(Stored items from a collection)
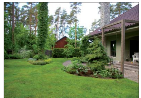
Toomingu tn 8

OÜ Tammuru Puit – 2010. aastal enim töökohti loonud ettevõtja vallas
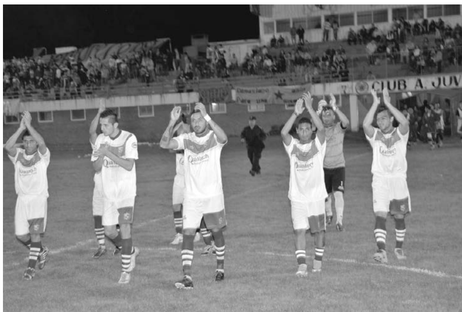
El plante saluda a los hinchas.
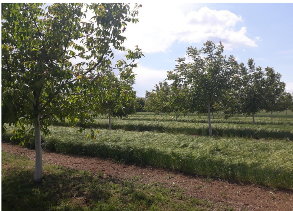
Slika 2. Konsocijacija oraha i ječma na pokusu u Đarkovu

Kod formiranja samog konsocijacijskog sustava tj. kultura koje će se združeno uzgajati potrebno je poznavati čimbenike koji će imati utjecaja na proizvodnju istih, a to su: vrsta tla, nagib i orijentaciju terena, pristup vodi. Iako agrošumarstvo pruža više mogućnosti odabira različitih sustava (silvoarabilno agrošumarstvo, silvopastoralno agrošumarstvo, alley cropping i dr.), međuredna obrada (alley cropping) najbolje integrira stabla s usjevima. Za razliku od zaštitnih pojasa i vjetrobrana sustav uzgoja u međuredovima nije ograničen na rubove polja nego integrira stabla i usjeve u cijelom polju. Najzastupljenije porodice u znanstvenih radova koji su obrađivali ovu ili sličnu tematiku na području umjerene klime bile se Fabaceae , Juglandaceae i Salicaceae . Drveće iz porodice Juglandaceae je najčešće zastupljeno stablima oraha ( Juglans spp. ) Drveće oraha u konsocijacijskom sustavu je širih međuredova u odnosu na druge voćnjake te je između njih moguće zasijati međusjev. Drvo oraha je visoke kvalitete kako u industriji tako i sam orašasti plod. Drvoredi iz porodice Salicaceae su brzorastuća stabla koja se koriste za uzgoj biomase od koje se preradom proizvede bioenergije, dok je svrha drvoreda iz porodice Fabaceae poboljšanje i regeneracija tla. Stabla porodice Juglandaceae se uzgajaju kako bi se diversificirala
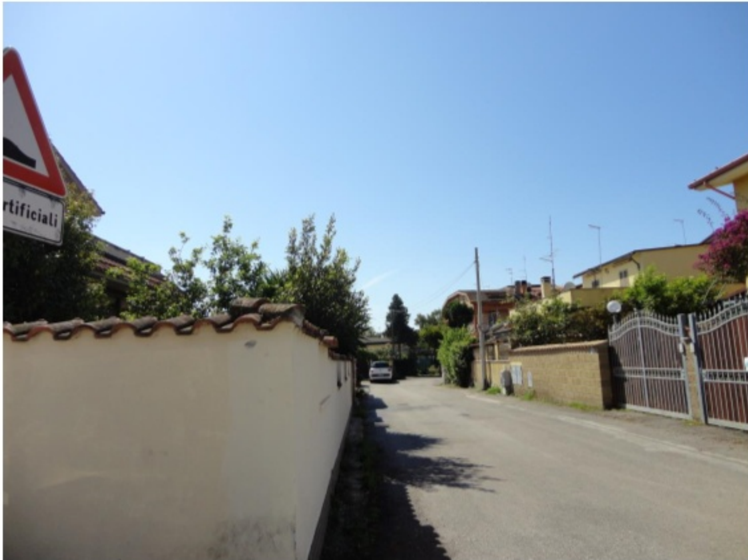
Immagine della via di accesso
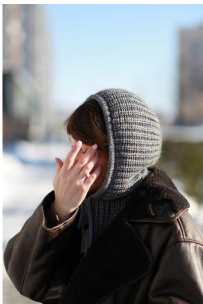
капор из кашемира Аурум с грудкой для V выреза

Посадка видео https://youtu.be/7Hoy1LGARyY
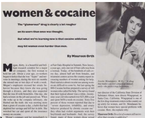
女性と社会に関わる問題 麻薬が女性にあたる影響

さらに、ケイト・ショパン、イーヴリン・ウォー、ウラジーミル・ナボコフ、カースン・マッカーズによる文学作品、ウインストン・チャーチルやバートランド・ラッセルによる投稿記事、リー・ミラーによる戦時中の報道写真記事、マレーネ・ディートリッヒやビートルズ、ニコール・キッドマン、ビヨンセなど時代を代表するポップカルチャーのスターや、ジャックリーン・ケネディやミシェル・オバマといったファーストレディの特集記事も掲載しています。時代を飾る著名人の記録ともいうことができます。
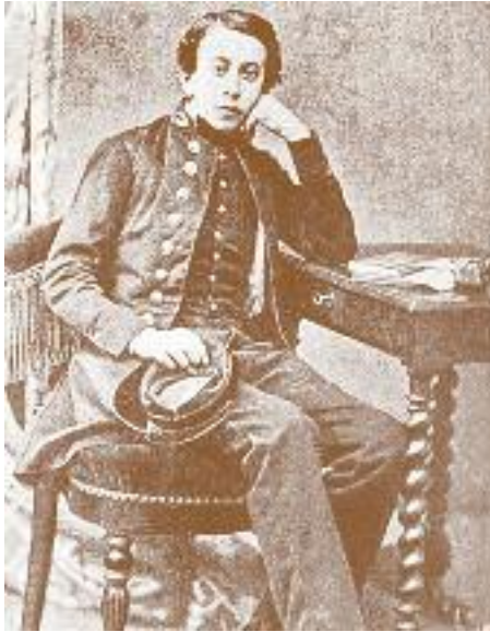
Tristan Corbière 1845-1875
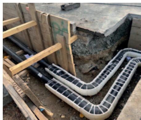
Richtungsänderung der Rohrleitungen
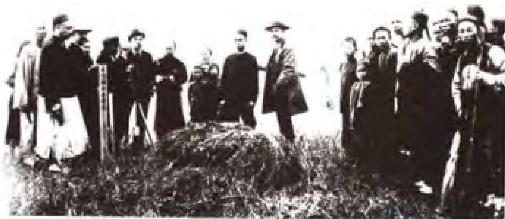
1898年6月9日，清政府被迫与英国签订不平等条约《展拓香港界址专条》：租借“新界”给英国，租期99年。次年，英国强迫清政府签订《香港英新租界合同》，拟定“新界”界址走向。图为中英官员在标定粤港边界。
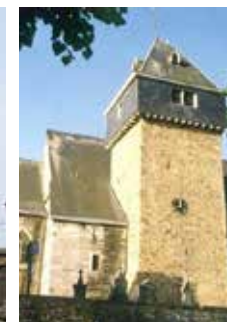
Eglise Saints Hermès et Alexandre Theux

* * *

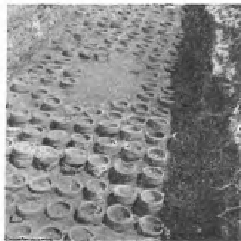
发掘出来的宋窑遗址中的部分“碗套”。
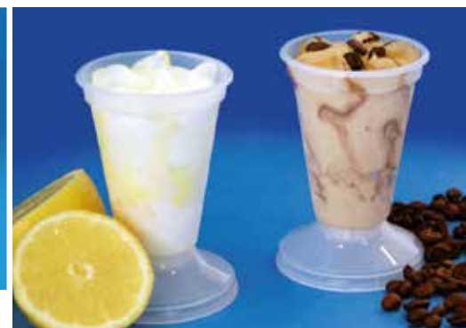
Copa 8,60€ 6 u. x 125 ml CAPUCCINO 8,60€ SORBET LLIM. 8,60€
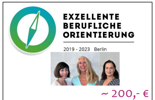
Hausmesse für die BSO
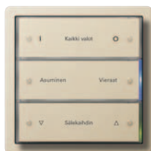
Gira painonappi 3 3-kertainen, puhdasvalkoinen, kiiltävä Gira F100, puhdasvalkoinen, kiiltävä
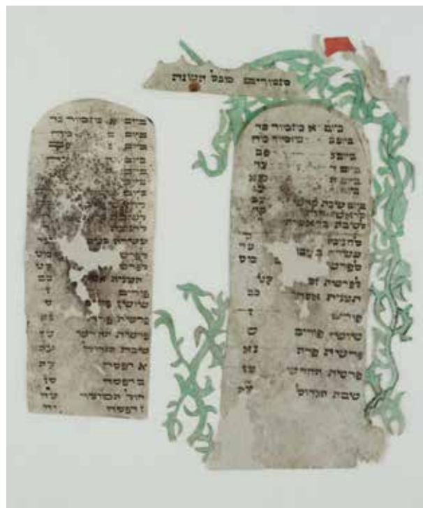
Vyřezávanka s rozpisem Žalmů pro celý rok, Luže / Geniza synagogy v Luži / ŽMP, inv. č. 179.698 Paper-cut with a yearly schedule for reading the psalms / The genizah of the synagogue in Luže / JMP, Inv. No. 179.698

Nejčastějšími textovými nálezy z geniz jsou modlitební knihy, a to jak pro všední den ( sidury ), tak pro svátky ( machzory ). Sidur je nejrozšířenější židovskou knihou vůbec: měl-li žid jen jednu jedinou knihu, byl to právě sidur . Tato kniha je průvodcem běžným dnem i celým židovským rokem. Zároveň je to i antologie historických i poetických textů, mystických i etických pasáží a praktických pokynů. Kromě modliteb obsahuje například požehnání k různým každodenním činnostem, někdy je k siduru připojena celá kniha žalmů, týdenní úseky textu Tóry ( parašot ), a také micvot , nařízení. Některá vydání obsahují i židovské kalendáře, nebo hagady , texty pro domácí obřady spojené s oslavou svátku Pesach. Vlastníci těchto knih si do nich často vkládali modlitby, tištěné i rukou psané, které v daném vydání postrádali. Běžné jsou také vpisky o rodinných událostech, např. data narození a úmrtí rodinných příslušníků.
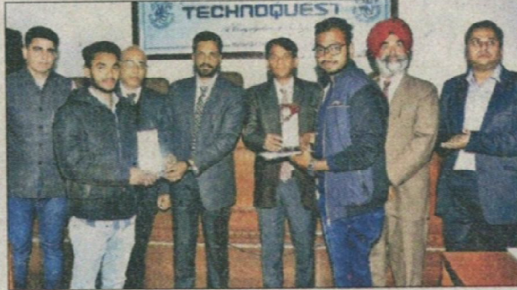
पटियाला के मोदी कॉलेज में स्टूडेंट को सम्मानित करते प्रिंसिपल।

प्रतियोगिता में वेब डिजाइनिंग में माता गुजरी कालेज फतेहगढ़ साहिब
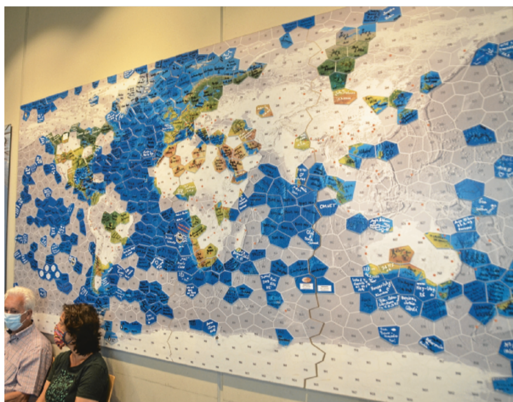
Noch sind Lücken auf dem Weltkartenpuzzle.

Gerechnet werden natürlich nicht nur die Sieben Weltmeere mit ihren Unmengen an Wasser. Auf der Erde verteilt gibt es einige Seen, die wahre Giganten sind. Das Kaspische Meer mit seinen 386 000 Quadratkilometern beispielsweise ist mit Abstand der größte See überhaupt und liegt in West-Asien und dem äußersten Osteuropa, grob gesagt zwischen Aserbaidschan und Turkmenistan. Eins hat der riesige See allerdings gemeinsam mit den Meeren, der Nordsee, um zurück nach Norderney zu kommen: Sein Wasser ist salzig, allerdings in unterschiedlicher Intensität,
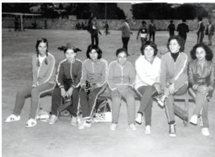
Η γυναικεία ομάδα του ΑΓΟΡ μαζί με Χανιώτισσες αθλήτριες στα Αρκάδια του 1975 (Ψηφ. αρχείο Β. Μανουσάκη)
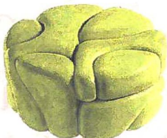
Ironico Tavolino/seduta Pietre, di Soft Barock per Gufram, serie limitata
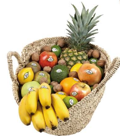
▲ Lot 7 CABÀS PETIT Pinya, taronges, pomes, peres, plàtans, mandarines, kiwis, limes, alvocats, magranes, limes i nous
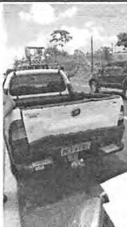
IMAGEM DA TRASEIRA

WHAT TO WORK ON
Both the line containing "Tristan Corbière 1845-1875" and the line containing "Eglise Saints Hermès et Alexandre Theux" above belong in the output, as do the lines between them. Print them exactly, without pictures.

YOUR RESPONSE
Tristan Corbière 1845-1875
Richtungsänderung der Rohrleitungen
1898年6月9日，清政府被迫与英国签订不平等条约《展拓香港界址专条》：租借“新界”给英国，租期99年。次年，英国强迫清政府签订《香港英新租界合同》，拟定“新界”界址走向。图为中英官员在标定粤港边界。
Eglise Saints Hermès et Alexandre Theux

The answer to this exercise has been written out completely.